(Provided records)

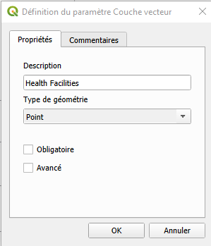 Definir una nueva entrada del modelo: capa vectorial de puntos que representa los centros de salud#
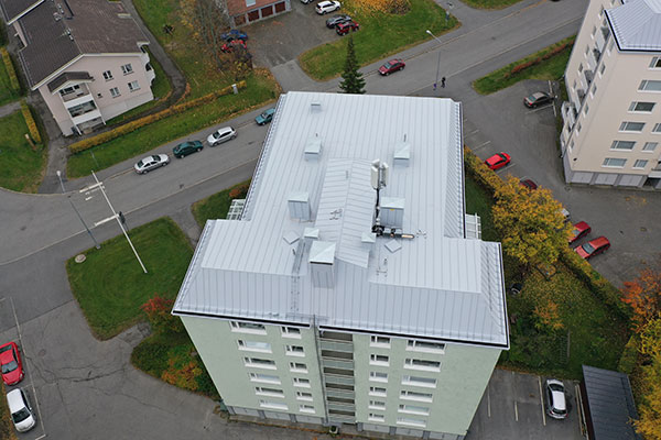 ”Teemme Elinkaarikatolle vähintään kerran vuodessa tarkastuksen, jossa käydään kaikki vesikaton osa-alueet läpi. Tästä tehdään tilaajalle kuvallinen raportti. Samalla tehdään tarvittavat huoltotoimenpiteet. Taloyhtiö tietää katon huoltokustannukset 25 vuodeksi eteenpäin.”
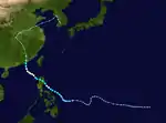 Typhoon Gloria developed on September 5, over the open waters of the West Pacific. The storm rapidly intensified to a peak of 155 mph on September 9. It weakened as it continued west-northwestward, and made landfall on extreme northeastern Taiwan on September 11, as a 100 mph typhoon.[22] The typhoon caused severe flooding in Northern Taiwan and killed hundreds of people.[23] Gloria continued westward, and hit eastern China that night as an 85 mph typhoon. The storm looped over land to the northeast, and dissipated on September 13, to the east of China. Gloria killed 239 people, and left 89 missing.[23]
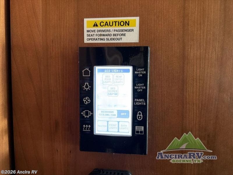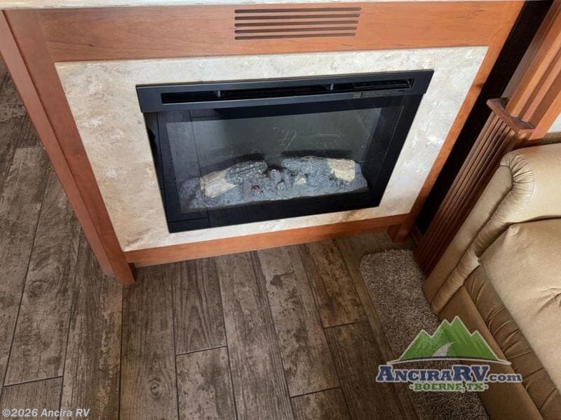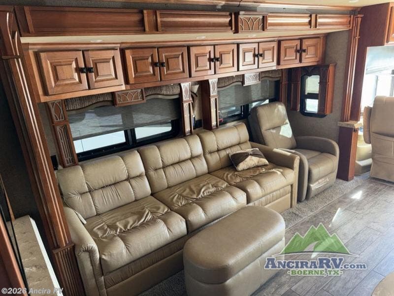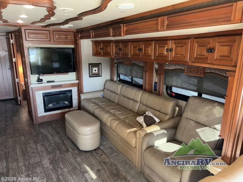Along the road side there is a slide out sofa bed with ottoman, plus a recliner behind the driver's seat. There is also overhead storage to help keep things neat and organized. A TV and fireplace can be found along the interior wall.
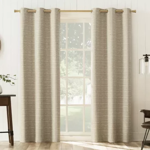 Sun Zero Presley Herringbone Magnetic Rod Pocket Light-Filtering Set of 2 Curtain Panel

(End Provided records)

Once the pictures are set aside, repeat each entry exactly as it stands.

 Definir una nueva entrada del modelo: capa vectorial de puntos que representa los centros de salud#
 ”Teemme Elinkaarikatolle vähintään kerran vuodessa tarkastuksen, jossa käydään kaikki vesikaton osa-alueet läpi. Tästä tehdään tilaajalle kuvallinen raportti. Samalla tehdään tarvittavat huoltotoimenpiteet. Taloyhtiö tietää katon huoltokustannukset 25 vuodeksi eteenpäin.”
 Typhoon Gloria developed on September 5, over the open waters of the West Pacific. The storm rapidly intensified to a peak of 155 mph on September 9. It weakened as it continued west-northwestward, and made landfall on extreme northeastern Taiwan on September 11, as a 100 mph typhoon.[22] The typhoon caused severe flooding in Northern Taiwan and killed hundreds of people.[23] Gloria continued westward, and hit eastern China that night as an 85 mph typhoon. The storm looped over land to the northeast, and dissipated on September 13, to the east of China. Gloria killed 239 people, and left 89 missing.[23]
Along the road side there is a slide out sofa bed with ottoman, plus a recliner behind the driver's seat. There is also overhead storage to help keep things neat and organized. A TV and fireplace can be found along the interior wall.
 Sun Zero Presley Herringbone Magnetic Rod Pocket Light-Filtering Set of 2 Curtain Panel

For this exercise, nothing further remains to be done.